Other results of this experiment are presented in Figure 1C. Panel A, ⁵⁷Fe concentration in media: Solid squares, medium before and after ⁵⁷Fe-loaded cells were transferred to Fe₀B₁₀₀ medium. The datum at t < 0 was of medium prior to inoculation. Other data are of the medium 0, 6, 12 and 24 hr after the transfer and after cells were removed by centrifugation. Solid triangles, same but for Fe₀B₀ medium. Blank circles, same but for DW. Panel B, Fe concentration in ⁵⁶Fe₄₀B₀ medium: Solid circles, total [Fe]; Open diamonds, [⁵⁶Fe]; Solid diamonds [⁵⁷Fe].

Figure 11. Whole-cell Mössbauer spectra (5 K, 0.05 T) obtained from the experiment of Figure 8C

A, ⁵⁷Fe-loaded cells; B – F, ⁵⁷Fe-loaded cells after 1 day incubation in the following media: B, Fe₀B₀; C, DW; D, Fe₀B₁₀₀; E, same as D, but cells were rinsed with 100 mM Tris-HCl buffer (pH 9.4) three times prior to obtaining the spectrum; F, ⁵⁶Fe₄₀B₀. Red and blue lines in A and C are the same as in Figure 9A. The green line in B simulates the CD while the red line is a composite simulation as defined in Table S3. The red line in D simulates the Fe^II(BPS)₃ doublet, the green line in E simulates the CD, and the orange line in F simulates the NHHS Fe^II doublet.

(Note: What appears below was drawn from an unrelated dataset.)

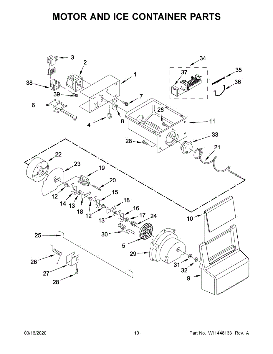 The Ice Bucket and Auger Assembly is an OEM replacement part for Whirlpool refrigerators. It includes both the ice storage bucket located in the freezer as well as the internal auger component. The auger works to periodically eject ice from the icemaker out into the conveniently accessible bucket area. Causes of a bad assembly can include wear and tear of the auger motor or gears over extended use. Damage may also occur from chewing or impact within the unit. Symptoms of a bad ice bucket and auger assembly include:

Figure 12. Mössbauer spectra (5 K, 0.05 T) of ⁵⁷Fe-loaded cells before (A) and at increasing times after (B – E) transfer to Fe₀B₁₀₀ medium

Time after transfer: B, 30 min; C, 3 hr; D, 6 hr. Blue and pink lines are simulations of the Fe^III nanoparticle and Fe^II(BPS)₃ quadrupole doublets, respectively. The red lines are composite simulations as defined in Table S3. The arrow in B indicates the position of the high energy line of the NHHS Fe^II doublet.

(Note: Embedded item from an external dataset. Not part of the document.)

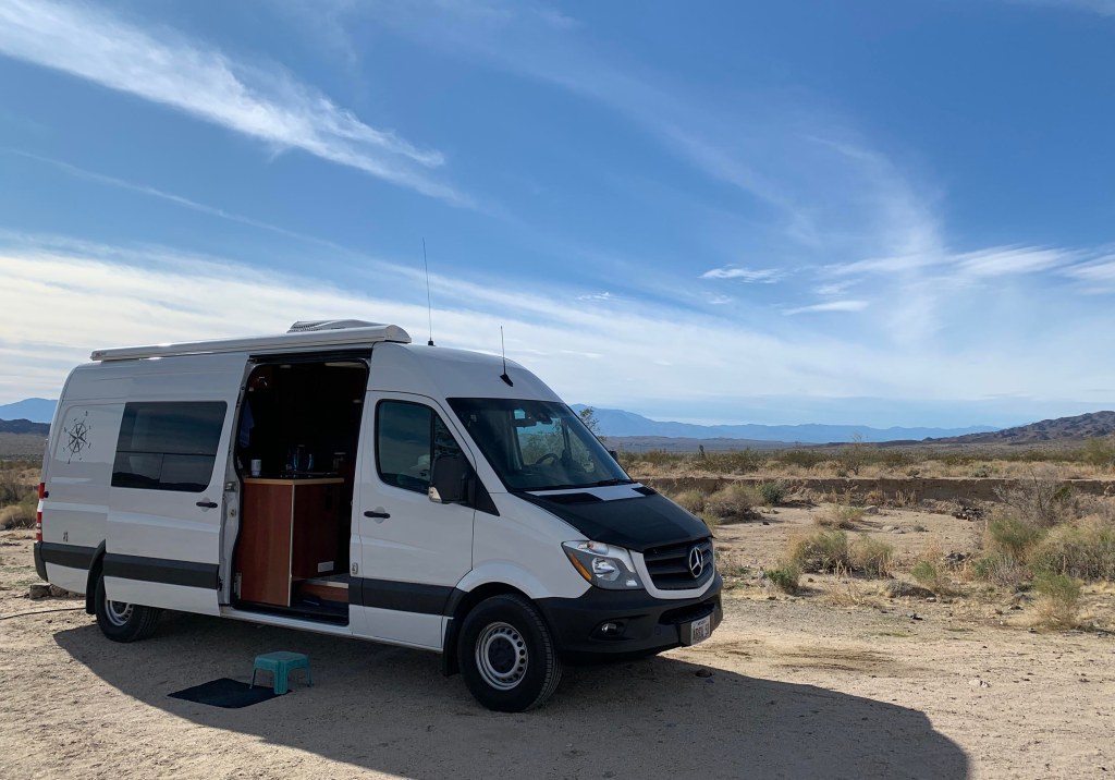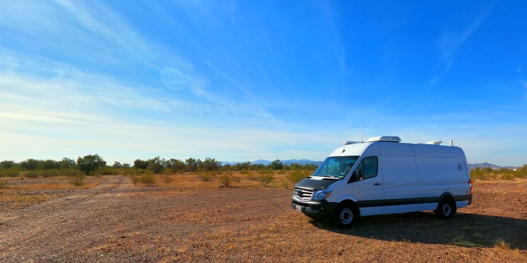 17 Jan 1130…my boondocking spot out here on Plomosa road was getting a little crowded so I moved about a half mile on down the road to a little turn off. There’s a small ditch where you turn that’s kept anyone else from turning in there. The van crossed it just fine and now I have acres and acres off land all to myself. I’m still close enough to the road to hear the traffic but it’s nice and subdued.

Figure 13. Western Blot showing Fet3p expression levels in WT cells in various media

Top panel, Fe-loaded cells transferred to Fe₄₀B₀, ⁵⁶Fe₄₀B₀, and Fe₀B₀ media and harvested at the indicated times (in hr) after the transfer. Bottom panel, same as top panel but with cells transferred to Fe₀B₁₀₀ and DW media.

Figure 14. Model for iron accumulation into the cell wall

Metabolically active (exponentially-growing) cells do not accumulate Fe in their CWs; Fe^III from the environment is reduced by metabolic processes in the cell and it enters the cell as Fe^II. As cells transition into a post-exponential (or dormant) state, Fe^III begins to accumulate in the CW. CW Fe can be removed by chelation or CW digestion. When dormant cells become metabolically active (by placing them into fresh media), the CW Fe^III becomes reductively mobilized to the Fe^II state. The Fe^II is released from the CW where it can: a) dissociate from the cell and diffuse into the environment; b) enter the cytosol to support cell growth; or c) chelate with BPS (if BPS is in the medium). A significant portion of the neutral Fe^II(BPS)₃ species adsorbs onto the CW.